Later, I heard stories from mutual friends about the former inmates of the menatl hospital who would look Henry up after they were released. henry would take them out and buy them gifts. Clothes. Jackets. Things to help them readjust to the world. Henry has seen the hard edge. He's been there.
Henry is an empath. A good man.
(This is a little one. It could fit in the palm of our hand.)
Henry is an empath. A good man.
One last story.
The other night, a constellation of ChinaTown regulars happened to find ourselves belly up to the bar. The conversation was hot and skat and everyone was enjoying each other's company. The night stretched into the wee-I mean-wee hours where everyone who was left knew they had just burned the next day down - and now that all that remains is the task of recovering from the liberties taken with such relish that spent evening. Bleary. Inhibitions demolished, restrained only from similarly destroyed motor control.
Henry got into my face.
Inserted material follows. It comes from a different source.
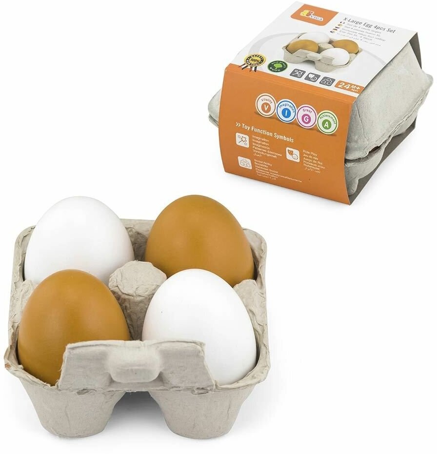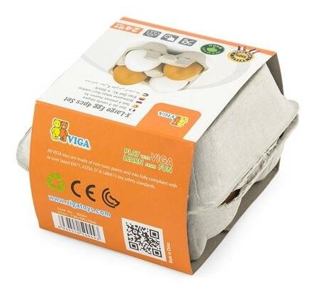 Ваш ребенок интересуется приготовлением еды? Он сможет помогать на кухне взрослым с игрушечными продуктами Viga Toys Деревянные яйца в лотке, 4 штуки. Реалистичный игровой набор с картонным лотком и яйцами из дерева понравится детям преддошкольного возраста от 2 лет. Набор деревянных игрушек поможет развить фантазию и воображение, вдохновит на сюжетно-ролевые игры. Комплект рекомендован для использования в детских садах и центрах развития. Развивающий набор в виде лотка размером 11 х 11 х 7 см и 4 яиц белого и коричневого цветов отлично дополнит игрушечную кухню и посуду. Подражание взрослым и игра в поваров дает детям возможность больше узнать о кулинарии, ведении домашнего хозяйства. Яйца выполнены из цельной древесины, лоток – из спрессованного картона. Все материалы набора – гипоаллергенные, экологичные. Развивающая деревянная игрушка сертифицирована по стандартам качества и безопасности детских игрушек: европейскому EN71, американскому ASTM, как и вся продукция Viga Toys. В комплекте картонный лоток и 4 деревянных яйца.

I thought, what's this? A confrontation? A vainglorious mano-a-mano peacock strut? Henry's nose was less than an inch from mine, so much so that his eyes went all Picasso, Cubist period. Blinking black ovals slid one atop the other and still Henry got closer that our noses bumped and his eyes merged into one big glistening blinking Cyclopian orb. Was he going to kiss me? Was I going to learn another, hidden side of Mr. Taylor? Or was he going to riff in another great stream of consciousness free verse? I was hoping for that.
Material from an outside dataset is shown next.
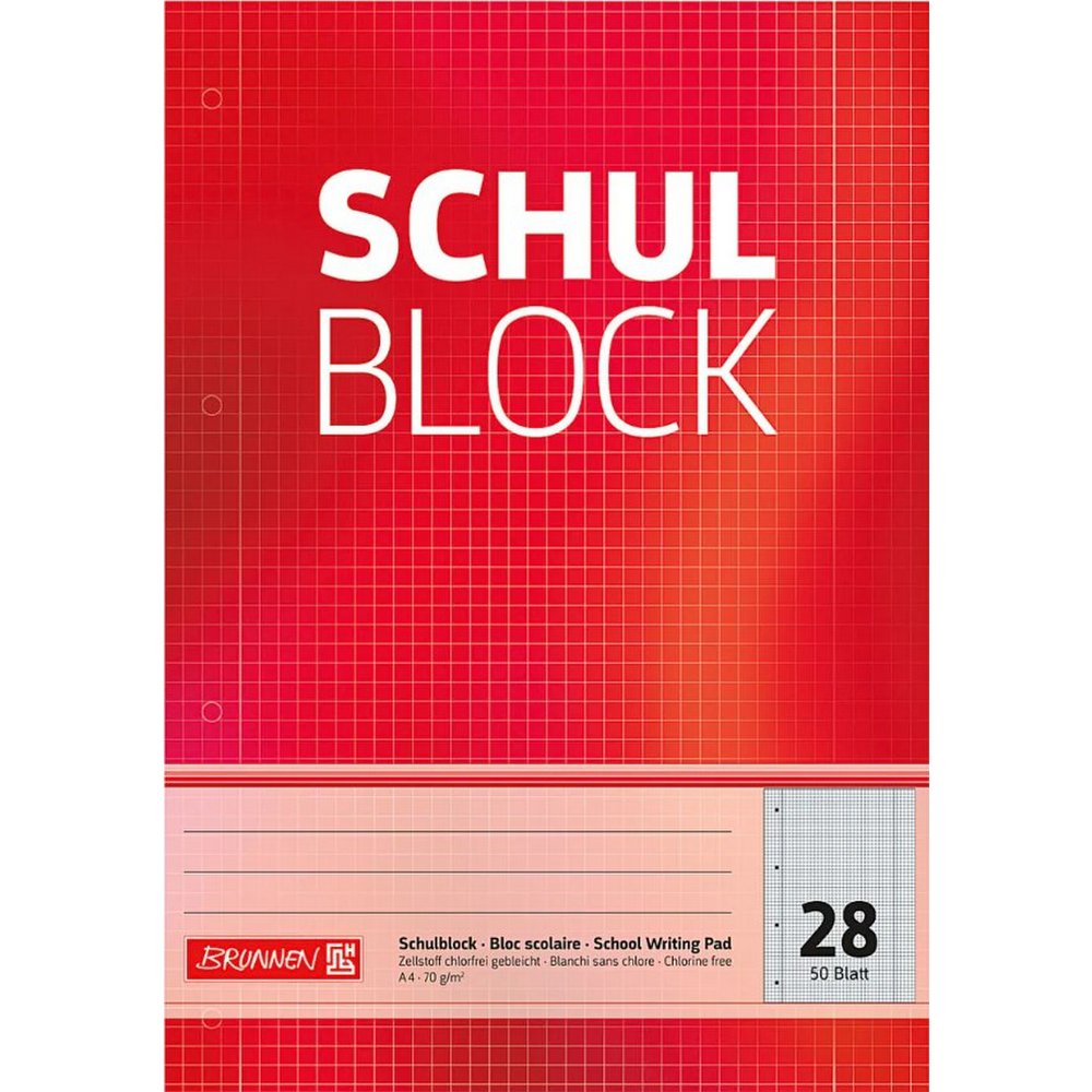 Schulblock A4, 50 Blatt, gelocht, Rand, kariert

I stood my ground, game for what ever would come (within limits). My eye must have looked the same to him, Cyclop to Cyclop. he began to tell me of his cousin. A woman he loves, a childhood friend. he told me of the connections in the family and how everyone loved her so. He spoke of how much of a good woman she was. Then he spoke of the cancer that took her away in her youth. His gigantic eye was glistening, widening. He missed her so much. He missed her so much. The eye was wet, tears streamed. "You've got to remember these people, Dennis!" Tears wet everything, his face a river delta. "You've got to pray for these people, Dennis!" I held him but I didn't dare break the Cyclopian orb. "You've got to pray for them! You have to remember them!" I thought of the people I have lost in the past decade. I thought of the people he must have helped in the mental hospital. "You're right Henry." I envied his capacity to release like that, but two of us going down that road is too much. I checked myself with a trace of shame or regret, I don't know which. One of us had to be the emotional designated driver. I tried to comfort him but I know that I came up short. I made a silent vow to find a way to pray someday, to do it right. Henry slumped back and went into another part of the room in a heap.